Citações Web of Science: 0
Resumo

Genomic selection has been proposed as the standard method to predict breeding values in animal and plant breeding. Although some crops have benefited from this methodology, studies in Coffea are still emerging. To date, there have been no studies describing how well genomic prediction models work across populations and environments for different complex traits in coffee. Considering that predictive models are based on biological and statistical assumptions, it is expected that their performance vary depending on how well these assumptions align with the true genetic architecture of the phenotype. To investigate this, we used data from two recurrent selection populations of Coffea canephora, evaluated in two locations, and single nucleotide polymorphisms identified by Genotyping-by-Sequencing. In particular, we evaluated the performance of 13 statistical approaches to predict three important traits in the coffee-production of coffee beans, leaf rust incidence and yield of green beans.
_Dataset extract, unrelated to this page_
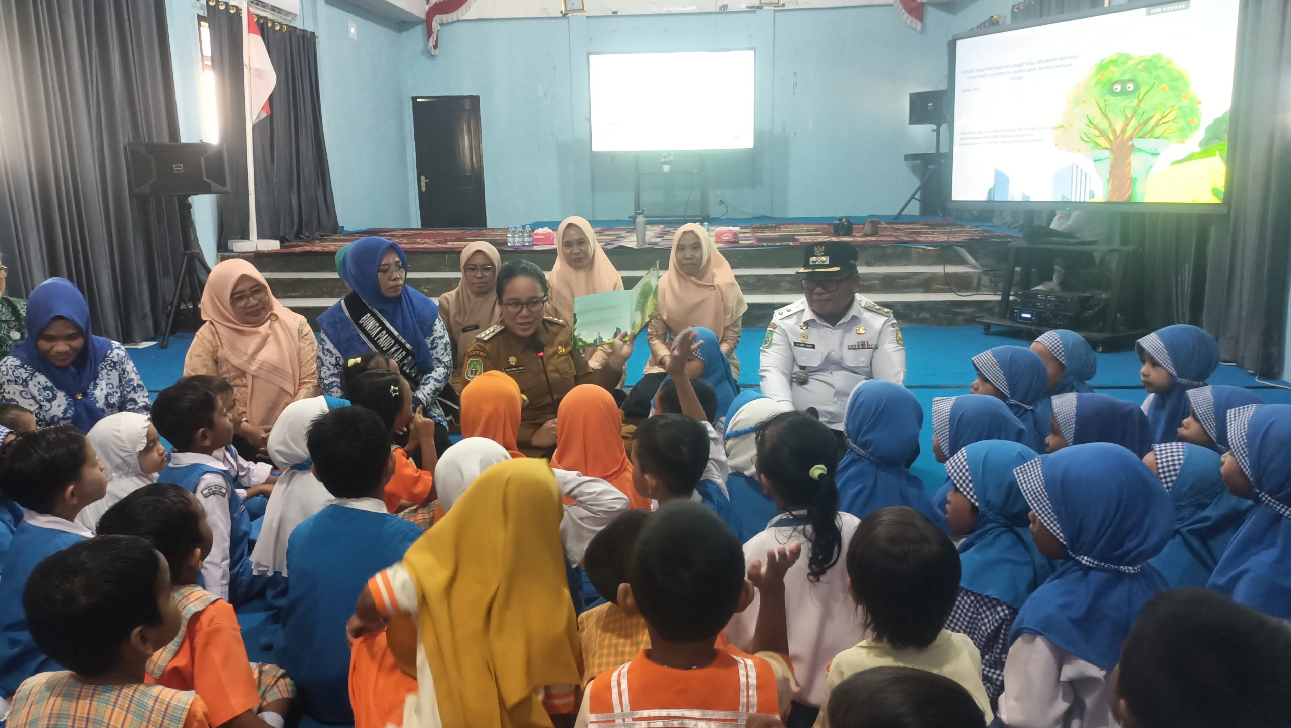Dalam kegiatan tersebut, Bupati didampingi Wakil Bupati dan turut berinteraksi langsung dengan para peserta didik. Suasana berlangsung hangat dan penuh antusiasme, terutama saat Bupati menyampaikan cerita inspiratif tentang sosok raksasa yang baik hati sebagai bentuk pendekatan edukatif kepada anak-anak.

Analyses were performed for predictions within-environment, across locations and across populations to assess the reliability of genomic selection. Overall, differences in the prediction accuracy of the competing models were small, although the Bayesian methods showed a modest improvement over other methods, at the cost of more computation time. As expected, predictive accuracy for within-environment analysis, on average, were higher than predictions across locations and across populations. Our results support the potential of genomic selection to reshape traditional plant breeding schemes. In practice, we expect to increase the genetic gain per unit of time by reducing the length cycle of recurrent selection in coffee. (AU)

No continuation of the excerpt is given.